» **What the task asks**
The required output is the exact run of lines in the listing below from the line holding "花にまったく紫色の着色のない緑色のヒメフタバラン" through the line holding "西瓜皮除了用來洗臉或用來跣人", with no pictures.

» **Data in this exercise**
• • •

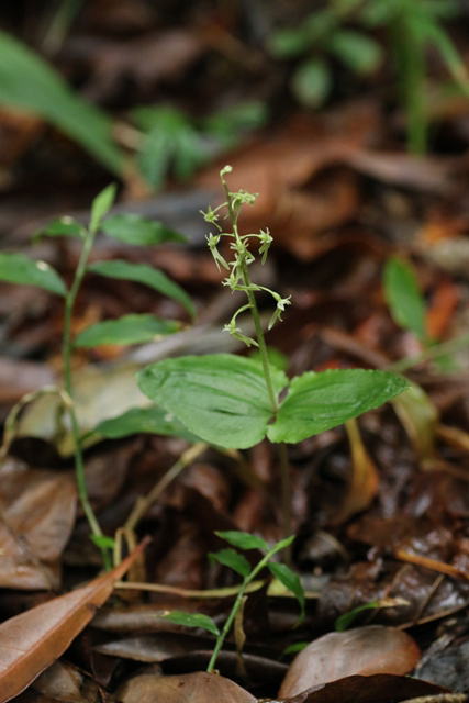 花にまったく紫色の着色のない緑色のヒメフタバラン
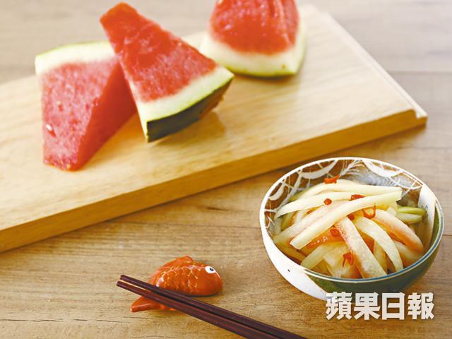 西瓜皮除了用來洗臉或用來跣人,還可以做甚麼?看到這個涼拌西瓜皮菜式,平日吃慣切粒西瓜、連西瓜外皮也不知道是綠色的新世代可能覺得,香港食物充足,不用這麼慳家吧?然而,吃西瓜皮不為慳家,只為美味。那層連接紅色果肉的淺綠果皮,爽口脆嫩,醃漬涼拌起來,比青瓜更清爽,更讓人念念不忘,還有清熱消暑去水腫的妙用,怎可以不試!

• • •

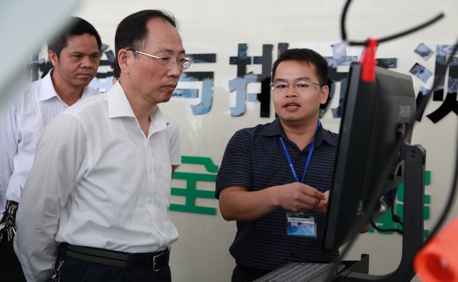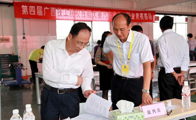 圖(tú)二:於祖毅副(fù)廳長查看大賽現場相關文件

• • •

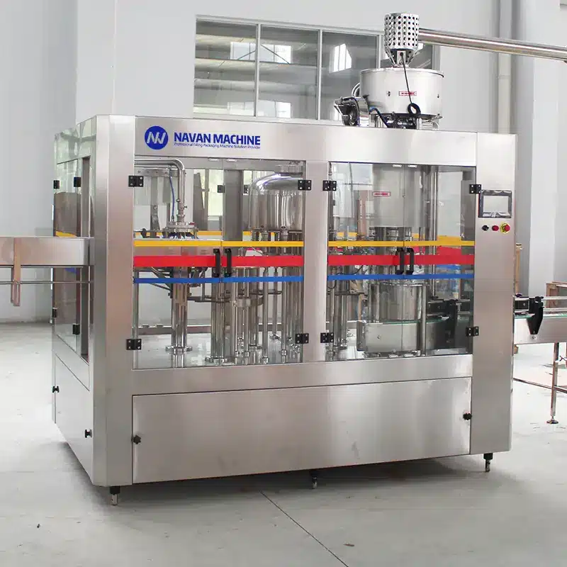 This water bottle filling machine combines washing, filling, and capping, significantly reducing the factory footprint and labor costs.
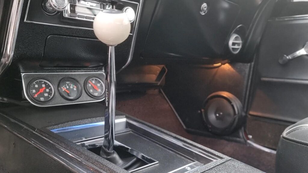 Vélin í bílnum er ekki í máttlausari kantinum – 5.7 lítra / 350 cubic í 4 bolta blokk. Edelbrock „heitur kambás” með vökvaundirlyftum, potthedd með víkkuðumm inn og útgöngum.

• • •

» **Exercise output**
 花にまったく紫色の着色のない緑色のヒメフタバラン
 西瓜皮除了用來洗臉或用來跣人,還可以做甚麼?看到這個涼拌西瓜皮菜式,平日吃慣切粒西瓜、連西瓜外皮也不知道是綠色的新世代可能覺得,香港食物充足,不用這麼慳家吧?然而,吃西瓜皮不為慳家,只為美味。那層連接紅色果肉的淺綠果皮,爽口脆嫩,醃漬涼拌起來,比青瓜更清爽,更讓人念念不忘,還有清熱消暑去水腫的妙用,怎可以不試!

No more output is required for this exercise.